没有任何证据,念头一冒起就是无由的肯定,秦巍发了个短信过去:【你是不是病了?】
【感冒了?】
乔韵还是没回,但也没驳斥,过了一会秦巍把电话打过去,她接了。
“喂……”声音哑哑的,鼻音还重,简直惨不忍听,装都装不出来,肯定是感冒的声音,说不准还哭过。
秦巍所有的烦躁,犹如雪狮子向火,一下就融化在心疼里,他痛惜得不得了,“你一个人在上海?——生病了怎么不和我说?!”
“……和你说又有什么用?”那边的声音开始还有点倔强,说了没两个字,骄傲似终被击溃,抽抽噎噎的,娇得不得了,“你又不在我身边……”
“我可以找人来照顾你啊。”秦巍放柔声音,“娇娇,你现在哪里?吃药了没有?我让人来给你做饭好不好?你不喜欢是喝丽丝卡尔顿的牛排萝卜煲?让他们打包送到你房间来好吗?”
“不用,我现在就在丽丝卡尔顿。都要喝吐了,”乔韵还在抽鼻子,“顿顿都是客房服务……吃了好多药,都还没有好!”
“感冒总是要有个过程的嘛,”秦巍说,“你不许一下又吃一整把药,听到没有?”
“……噢。”那边回答得很委屈。
“你接下来有没有事?到横店来陪我好不好?”秦巍给她找台阶下,“我找车来接你,你坚持一下,几小时就到了,不远的。”
“不要,我要回b市,”乔韵的声音昏昏沉沉的,病糊涂了还那么倔强,“回去还好多事做……呜……”
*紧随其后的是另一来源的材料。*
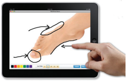
Easy image upload and MediDraw feature allows you to take pictures with your iPad or phone, upload them and draw right on the image.
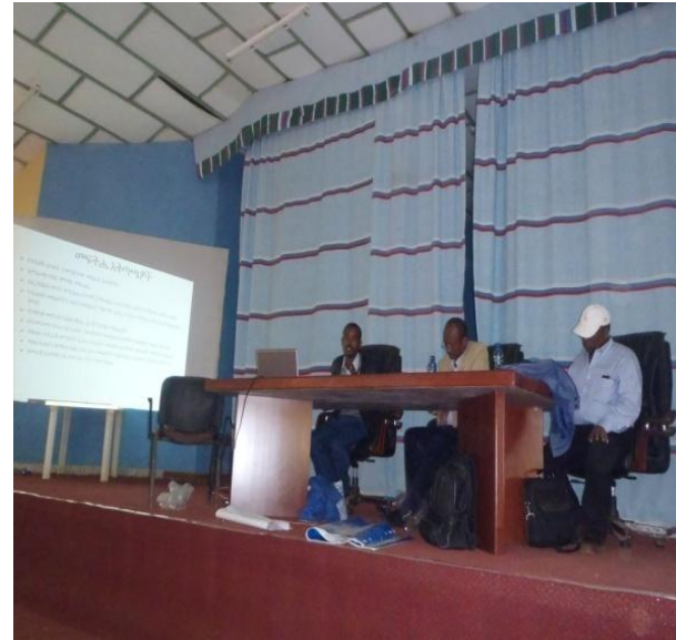
Part of Group Discussions and Presentations
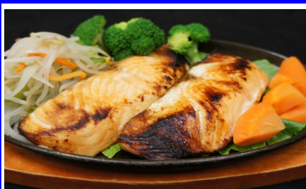
grilled salmon 연어구이 $28.95

她忽然一下又哭了,呜的一声伤心不已,像是被踢了一脚的小猫,“秦巍,我好惨哦,时装周都没卖出几件,人家还要抄我的版,我一看就看出来他的打算了,可拿他什么办法也没有……人还是师兄带来的,呜呜呜……师兄还幸灾乐祸的,当我没看出来吗……人家好不容易上个服装周,才刚起步就这样欺负我……”
??抄版?秦巍一下警惕起来了,可还没多问呢,乔韵又稀里哗啦地往下说。
“还有你,你也欺负我,你干嘛让李竺来看我?”她哭得都开始打嗝了,一边打嗝一边还要哭诉,“你明知道我不喜欢看到你和别的女人在一起,我讨厌死你了,你要去了美国该多好,我就能把你忘了,你偏偏还要留下来……”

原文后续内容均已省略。